▸ Prompt
Only the lines from the one containing "科大讯飞 智能鼠标 LiteM320" to the end of the records belong in the copy. Reproduce them word for word and drop the pictures.

Records from a data collection
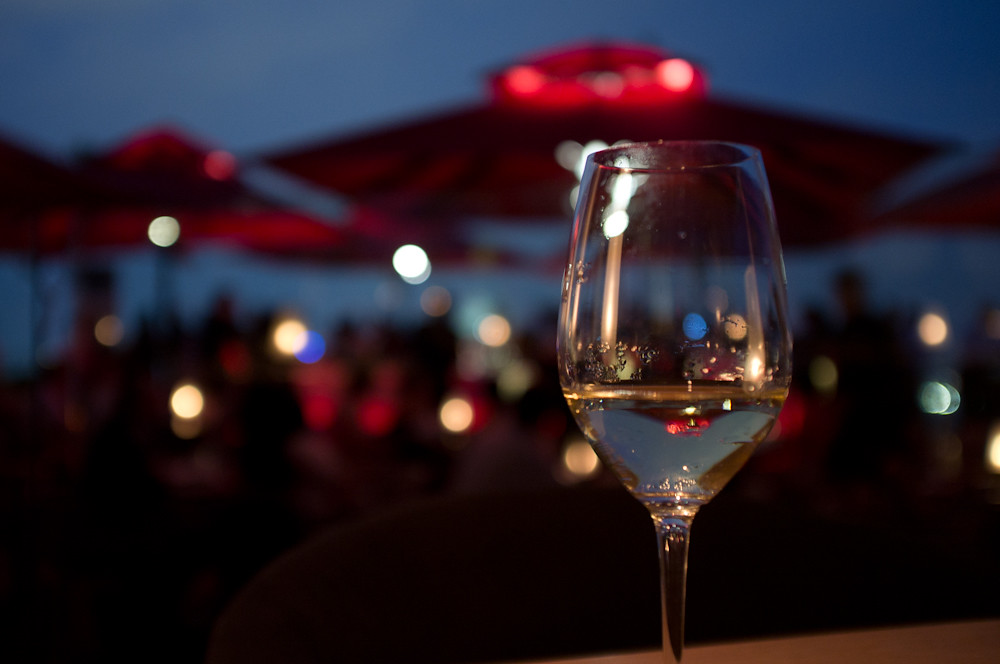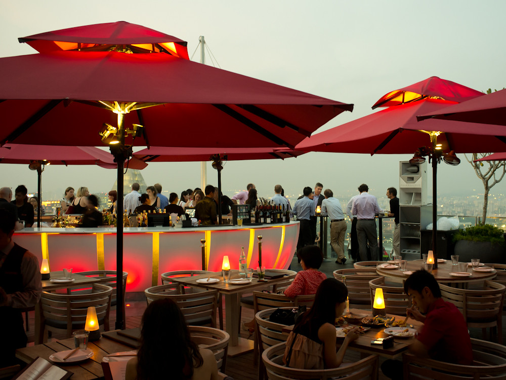As evening falls, the various bars and restaurants on top of the hotel fill up.
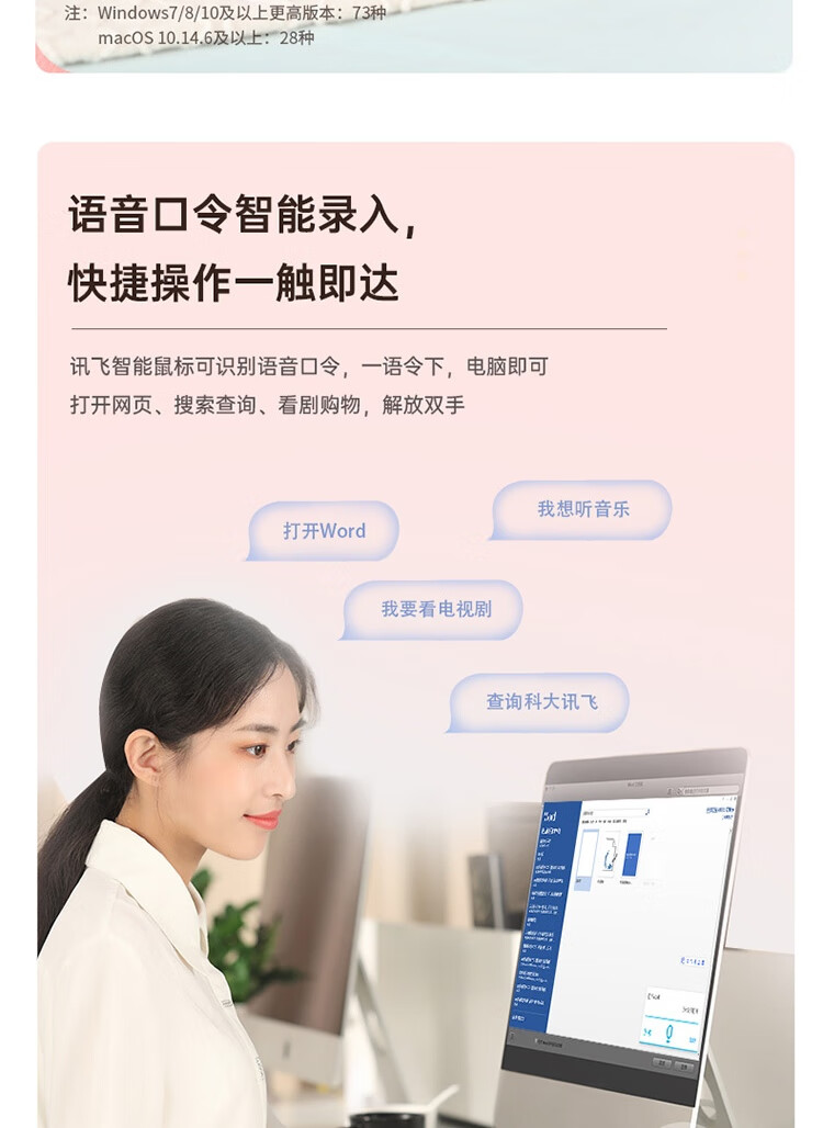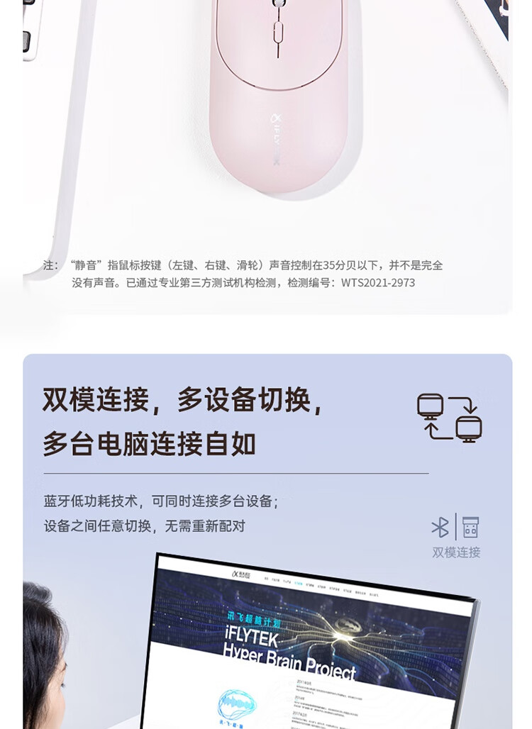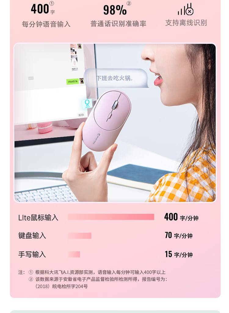 科大讯飞 智能鼠标 LiteM320 办公鼠标 无线外设 轻薄便携 多彩小巧 轻音按键 智能语音输入打字翻译 皎月白
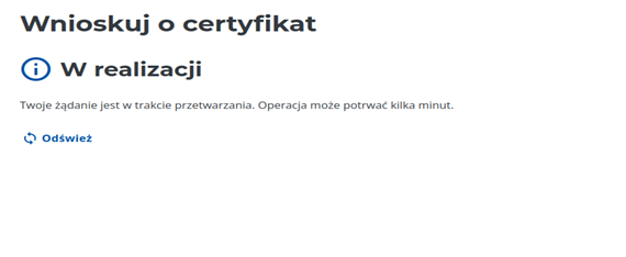 Po wysłaniu wniosku zobaczysz komunikat 'W realizacji’ – Twoje żądanie jest w trakcie przetwarzania. Operacja może potrwać kilka minut. Możesz odświeżyć stronę przyciskiem 'Odśwież’.
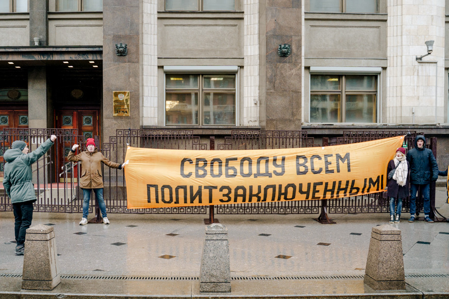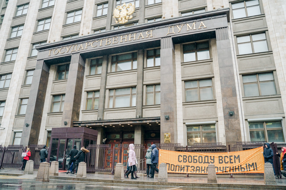 Сотрудники ФСО задержали восьмерых активистов с баннером «Свободу всем политзаключенным!» у здания Госдумы. Об этом «7х7» сообщил 3 февраля пресс-секретарь «Открытой России» Константин Фомин.
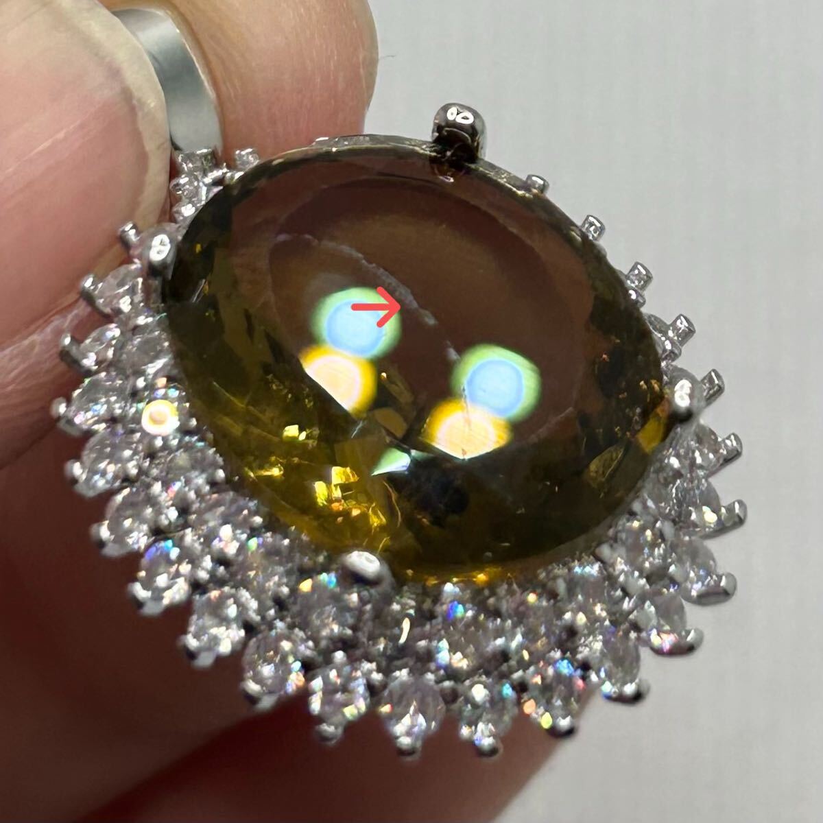 ★→部、見る角度によって、カラーストーン表面にスジあり。
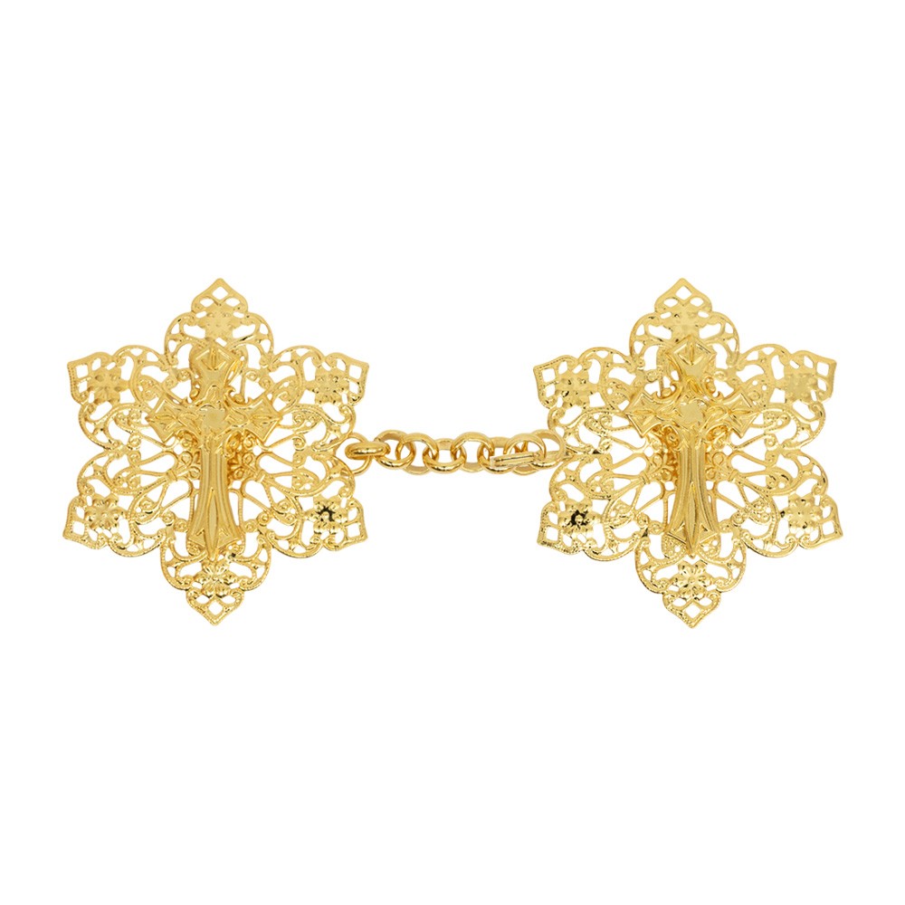 Liturgical cope clasp entirely made of metal with an elegant gold finish. The flower-shaped design with a raised cross makes this accessory especially suitable for sacred vestments.
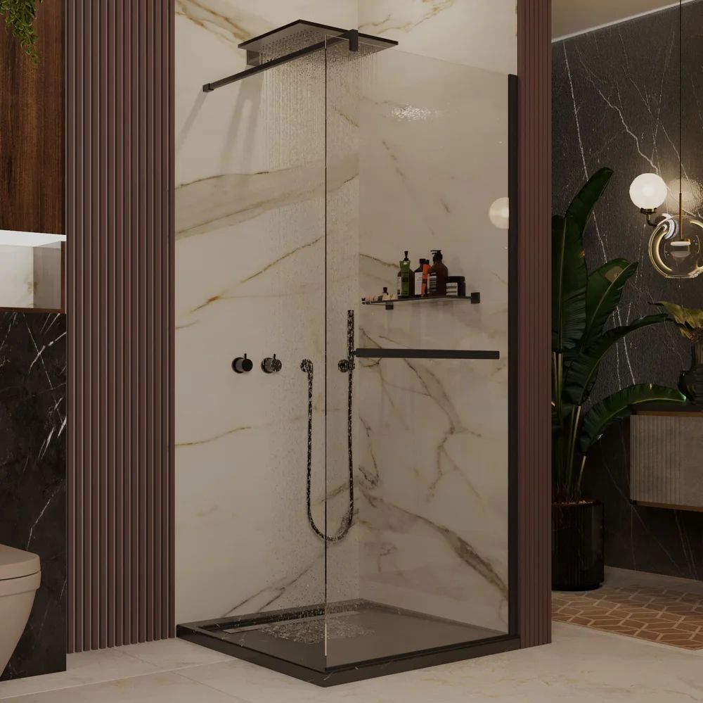Душевая перегородка Ambassador Walk-in 110 см 15031234 с кронштейном (стекло 8 мм) чёрный/прозрачное

▸ Solved problem
 科大讯飞 智能鼠标 LiteM320 办公鼠标 无线外设 轻薄便携 多彩小巧 轻音按键 智能语音输入打字翻译 皎月白
 Po wysłaniu wniosku zobaczysz komunikat 'W realizacji’ – Twoje żądanie jest w trakcie przetwarzania. Operacja może potrwać kilka minut. Możesz odświeżyć stronę przyciskiem 'Odśwież’.
 Сотрудники ФСО задержали восьмерых активистов с баннером «Свободу всем политзаключенным!» у здания Госдумы. Об этом «7х7» сообщил 3 февраля пресс-секретарь «Открытой России» Константин Фомин.
 ★→部、見る角度によって、カラーストーン表面にスジあり。
 Liturgical cope clasp entirely made of metal with an elegant gold finish. The flower-shaped design with a raised cross makes this accessory especially suitable for sacred vestments.
Душевая перегородка Ambassador Walk-in 110 см 15031234 с кронштейном (стекло 8 мм) чёрный/прозрачное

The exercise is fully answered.